The Corpus Storage System (CoStoSys) is a tool and abstraction layer for a PostgreSQL document database.
It has originally been built for Pubmed/Medline documents but is content-agnostic except that the input must be in some form of XML. Configurable XPath expressions are used to extract portions of XML into database table columns. The main usage of tool is currently to store whole medline citation XML data in the database.
The documentation is contained in the project as a docbook at src/docbkx
. Run mvn clean site
to create a PDF an a HTML version of the docbook in target/docbkx
.
Please note that the documentation is somewhat out of date. It still presents the main ideas behind the project.
For a rather exhaustive overview of the tool's capabilities, build it by running mvn clean package
and run java -jar target/costosys-<version>-cli-assembly.jar
without parameters.
NOTE: This is work in progress.
<?xml version="1.0" encoding="UTF-8"?>
<databaseConnectorConfiguration
xmlns:xsi="http://www.w3.org/2001/XMLSchema-instance"

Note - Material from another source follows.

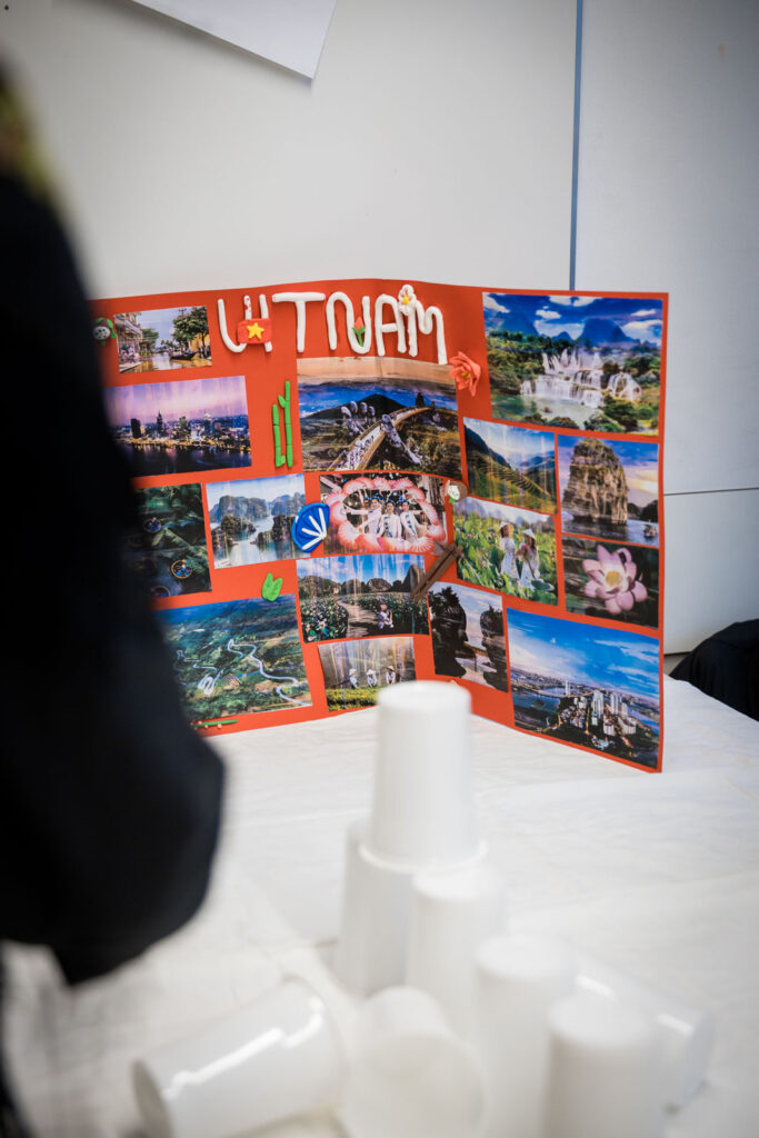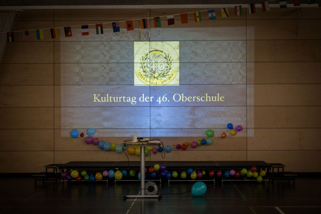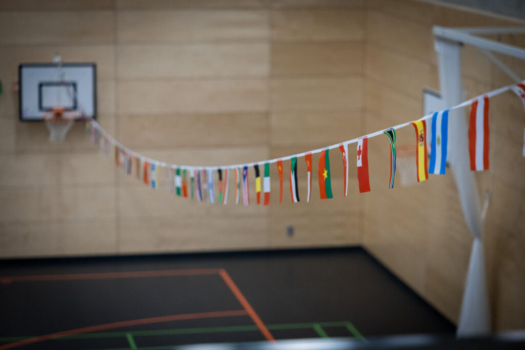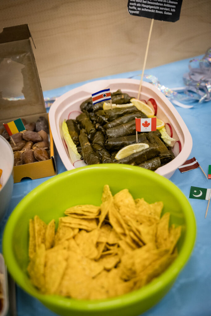 Der Höhepunkt folgte mittags in der Sporthalle am Lukasplatz. Die Kontinente wurden nacheinander vorgestellt, begleitet von passender Musik. Schülerinnen und Schüler präsentierten ihr Land mit Flaggen und Tänzen auf der Bühne, unterstützt von Lehrkräften, die ebenfalls Teil des Programms waren. Ein Mitbringbuffet mit Speisen aus aller Welt rundete den Tag für alle kulinarisch ab.

xmlns="http://julielab.de"
xsi:schemaLocation="http://julielab.de https://raw.githubusercontent.com/JULIELab/costosys/v1.0.1/src/main/resources/configuration.xsd">
<DBSchemaInformation>
<activePostgresSchema>mySchema</activePostgresSchema>
<activeTableSchema>myTableSchema</activeTableSchema>
</DBSchemaInformation>
<DBConnectionInformation>
<activeDBConnection></activeDBConnection>
<maxActiveDBConnections>1</maxActiveDBConnections>
<DBConnections>
<DBConnection url="" name="" />
</DBConnections>
</DBConnectionInformation>
</databaseConnectorConfiguration>
This is a template for the configuration file employed by CoStoSys
. The structure of the file is formally defined
using an XML schema definition found at https://github.com/JULIELab/costosys/blob/master/src/main/resources/configuration.xsd.
Postgres supports schemas which are a kind of namespace. The element activePostgresSchema
in the configuration means such a namespace schema.

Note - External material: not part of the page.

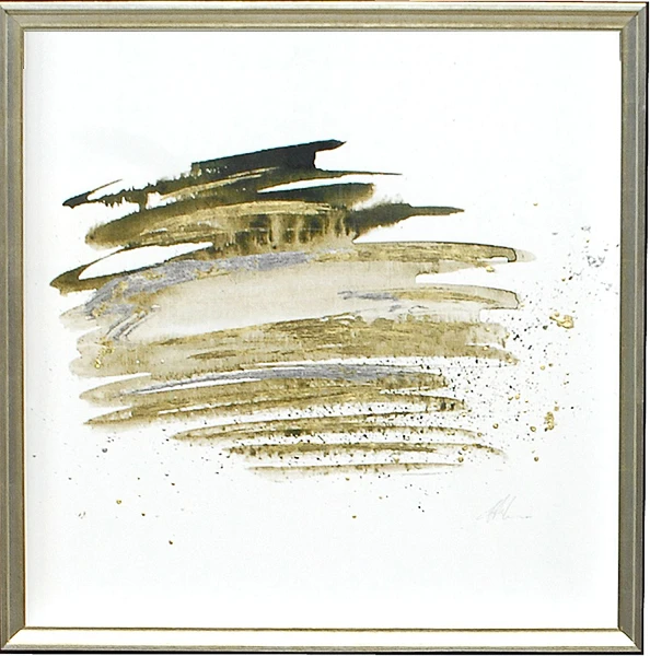 Expressive ink wash drawing accented with dramatic brush strokes of silver and gold.

The table schema, on the other hand, denotes the database table layout, i.e. their columns and datatypes. A range of table schema
have been predefined, including
name | description |
---|---|
medline_2017 | Defines the columns 'pmid' and 'xml'. Import data is expected to be in PubMed XML PubmedArticleSet format where one large XML file contains a bulk of PubMed articles. The individual articles must be located at XPath /PubmedArticleSet/PubmedArticle/MedlineCitation. This format is employed by the downloadable PubMed distribution since 2017. XML data are stored in GZIP format. |
medline_2016 | Defines the columns 'pmid' and 'xml'. Import data is expected to be in MEDLINE XML MedlineCitationSet format where one large XML file contains a bulk of MEDLINE articles. The individual articles must be located at XPath /MedlineCitationSet/MedlineCitation. This format was employed by the downloadable MEDLINE distribution until 2016. XML data are stored in GZIP format. |
pubmed_gzip | The same as medline_2017. |
Custom table schema may be added to the configuration at XPath /databaseConnectorConfiguration/DBSchemaInformation/tableSchemas
. Refer to docbook documentation and the XML schema for details.
To avoid database connection deadlocks, the central DataBaseConnector
class keeps track of threads and the connections they use.

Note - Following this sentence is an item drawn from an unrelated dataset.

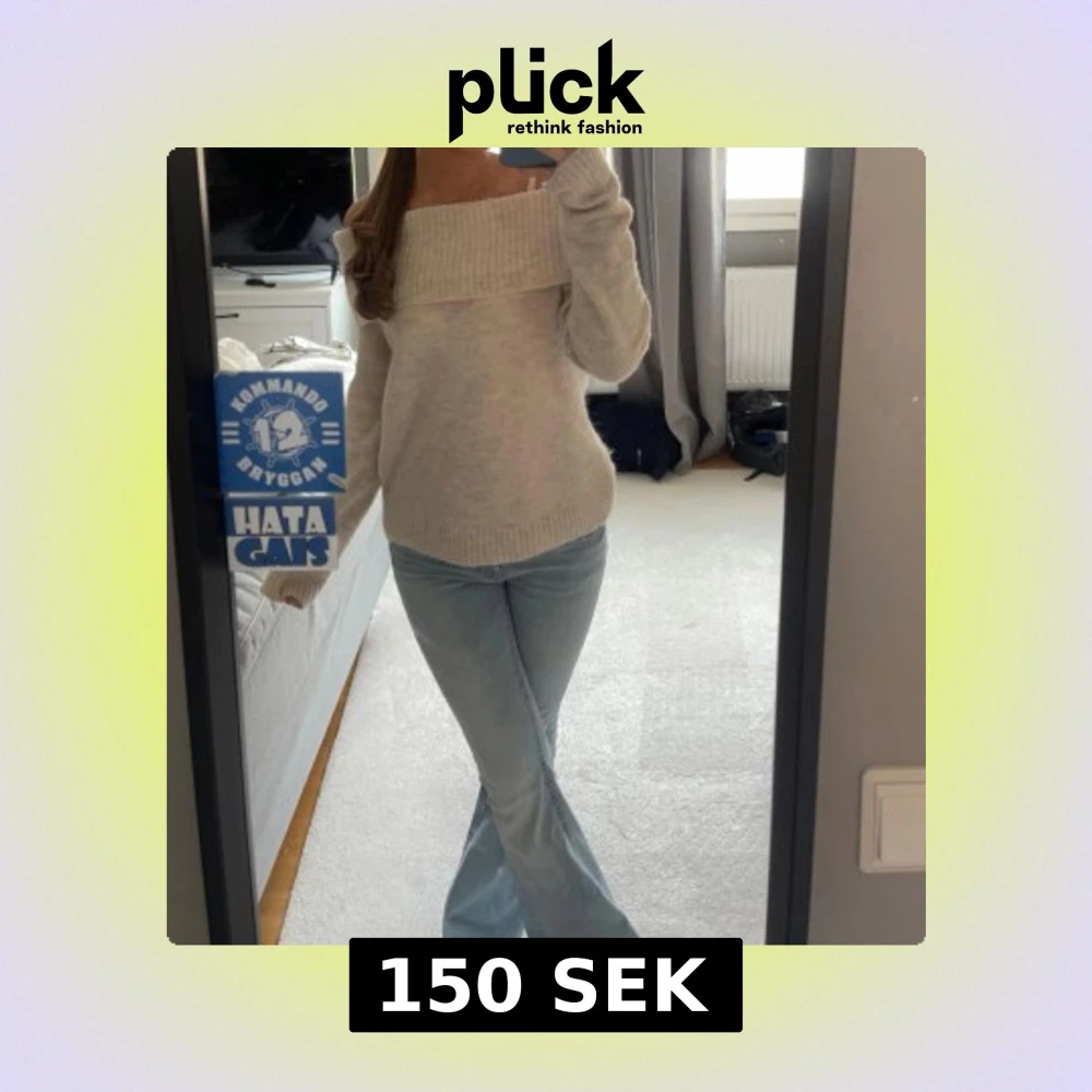 Supermysig beige stickad tröja från Ginatricot med bred ribbad krage som går offshoulder. Säljer då den inte kommer till användning🤍

The recommended method to obtain a connection is obtainOrReserveConnection()
which will return an object of type CoStoSysConnection
. This object is just a small wrapper around the actual Connection
object and the information whether a new reservation was necessary or an already reserved connection is being reused. This is important when releasing the connection: We don't want to release an obtained connection that is still used by an algorithm in another scope of the same thread.
To safely release such connections, use the method releaseConnection(CoStoSysConnection)
. It will only close the connection if the respective connection was newly reserved but the corresponding call to obtainOrReserveConnection()
. Note that the CoStoSysConnection
class is AutoClosable
. Thus, the recommended use is the try(CoStoSysConnection cstsConn = dbc.obtainOrReserveConnection) {...}
pattern.
The -im
and -um
modes (import medline
and update medline
, respectively) take as argument a configuration file
on their own. Both work with the exact same file. The purpose of this additional configuration file is to avoid
confusion about what data has been used in a productive system and to streamline the update process.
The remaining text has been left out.